The night before International Women’s Day settled on Caleb Lim’s study, an evening for perfunctory posture. Posturing was in the wealthy Asian businessman’s DNA; years of company events and dinners and ingrained positioning. In the manner of a suave, well-heeled corporate figure, he typed a carefully worded tribute for his company’s Facebook page. A polished act of respect for the women his organisation couldn’t do without. A message his followers expected, and would admire. Of little consequence. The ceremonial gratitude was necessary. He swept his dismissiveness aside and arranged his goodness in cautiously worded sentences. 

He was about to click on the ‘post’ button when the phone on his rosewood table buzzed.  

A voice he couldn’t mistake. 

His daughter’s.

Disbelief turned to shock. Then hope arrived before reason. 
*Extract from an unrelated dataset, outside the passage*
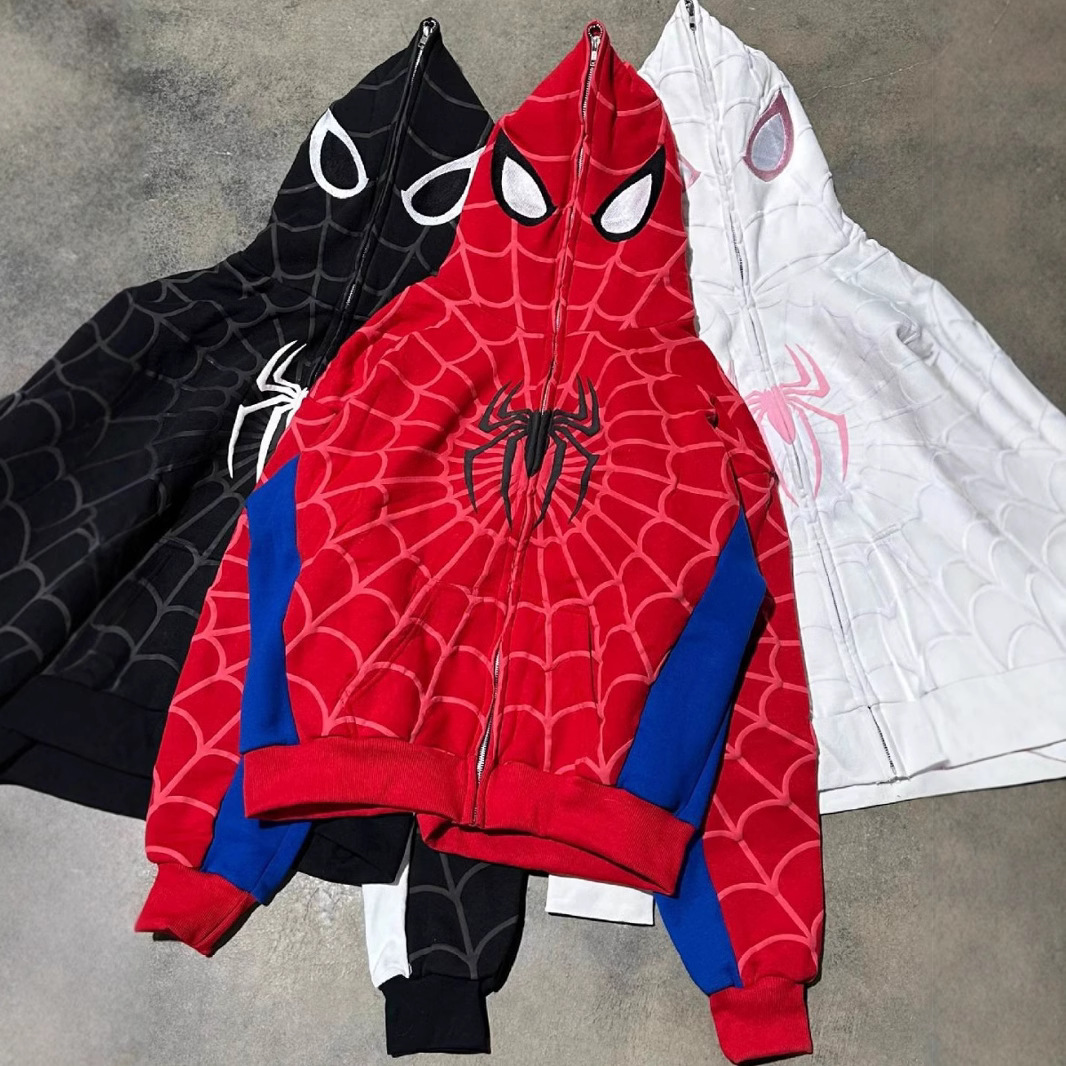 欧美跨境新款哥特暗黑蜘蛛印花连帽开衫全链宽松男女潮牌卫衣外套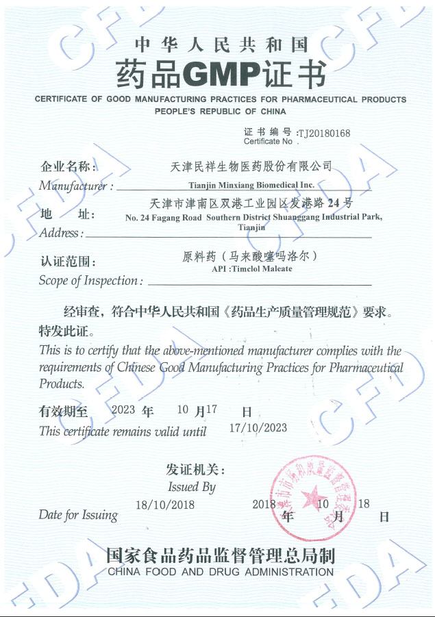 中華人民共和國(guó)藥品GMP證書(shū)(馬來(lái)酸噻嗎洛爾)

His daughter couldn’t be speaking to him. 

She had long since been cremated. After a long bout of depression. 

But, the heated words. His insistence that she should know her place as a  daughter. Her rudeness. Her utter defiance. 

Out of line. As a woman. 

But the dead had his number. How, he had no way to know.

That voice – it was Jane’s. But what should have sounded comforting was instead wary.

Too wary.

‘Dad, I’m sorry to bother you…”

The apology always came before anything she ever said to him, especially if it mattered.

That came because isolation taught her displeasing him mattered. 

The haunting, soft caution. The almost ghostly tiptoe around his anger with her mere presence.

“I’m so sorry, dad, for calling at the wrong time…” 

Jane’s voice was not comforting, but had the soft ring of deference. Every sentence bent, low.

A woman’s bow. Too low.

She spoke as though that taking up his space was her failure. 

And he heard it in her manners. His damage. 

The receiver hung limp in his hand. She WAS dead. Too much so to be speaking to him. 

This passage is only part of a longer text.